Which counties have the biggest differences income between rural and urban neighborhoods?
You can summarize the relationship between two numeric variables with
the correlation coefficient. To calculate the correlation coefficient,
use the function cor()
. The first two arguments in
cor()
are the two numeric variables you want to calculate
the correlation for. Let’s calculate the correlation between
neighborhood income and percent black. Note that the argument
use = "complete.obs"
removes the missing values in
medincome.
cal.tracts %>%
summarize(blk_inc = cor(medincome,pblk, use = "complete.obs"))
## # A tibble: 1 × 1
## blk_inc
## <dbl>
## 1 -0.398
Group these correlations by county
cal.tracts %>%
group_by(county) %>%
summarize(blk_inc = cor(medincome,pblk, use = "complete.obs"))
## # A tibble: 4 × 2
## county blk_inc
## <chr> <dbl>
## 1 Fresno County -0.337
## 2 Sacramento County -0.449
## 3 San Diego County -0.338
## 4 Santa Clara County -0.305
Make sure you understand what these values mean (see Handout 4).

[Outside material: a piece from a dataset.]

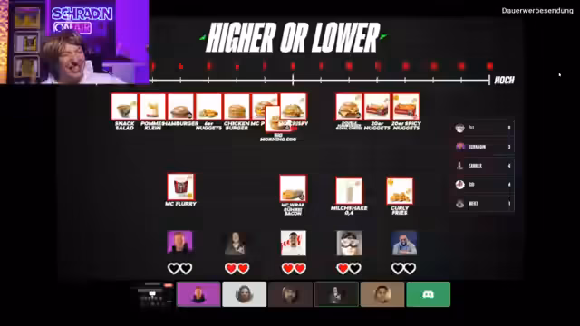 06:20:54Die letzte Kategorie von Higher or Lower wird gestartet: McDonalds-Produkte nach Kalorien. Die Teilnehmer müssen die Produkte nach ihrem Kaloriengehalt ordnen. Sidney beginnt, und die Teilnehmer geben ihre Einschätzungen ab. Es kommt zu hitzigen Diskussionen und Verwirrung, insbesondere bei den Spicy Nuggets. Die Teilnehmer versuchen, die Kalorien richtig einzuschätzen und gleichzeitig nicht auszuscheiden. Die Stimmung ist angespannt und humorvoll, während die Teilnehmer versuchen, die Produkte richtig zu ordnen und gleichzeitig nicht auszuscheiden. Es wird über die Kalorien von Salat und Pommes diskutiert, und die Teilnehmer geben ihr Bestes, um die richtige Reihenfolge zu finden. Die letzte Kategorie verspricht weitere spannende Momente und unerwartete Wendungen, während die Teilnehmer um den Sieg kämpfen. Es kommt zu Fehlentscheidungen und Jubel, wenn die Einschätzungen korrekt sind. Schradi versucht mitzugeben aber scheidet auch in dieser Runde aus.

The output from the descriptive statistics we’ve ran so far is not presentation ready. For example, taking a screenshot of the following results table produces unnecessary information that is confusing and messy.
cal.tracts %>%
group_by(county) %>%
summarize(Mean = mean(medincome, na.rm = TRUE),
Median = median(medincome, na.rm = TRUE),
SD = sd(medincome, na.rm = TRUE),
IQR = IQR(medincome, na.rm = TRUE))
## # A tibble: 4 × 5
## county Mean Median SD IQR
## <chr> <dbl> <dbl> <dbl> <dbl>
## 1 Fresno County 57128. 50318 28347. 36875.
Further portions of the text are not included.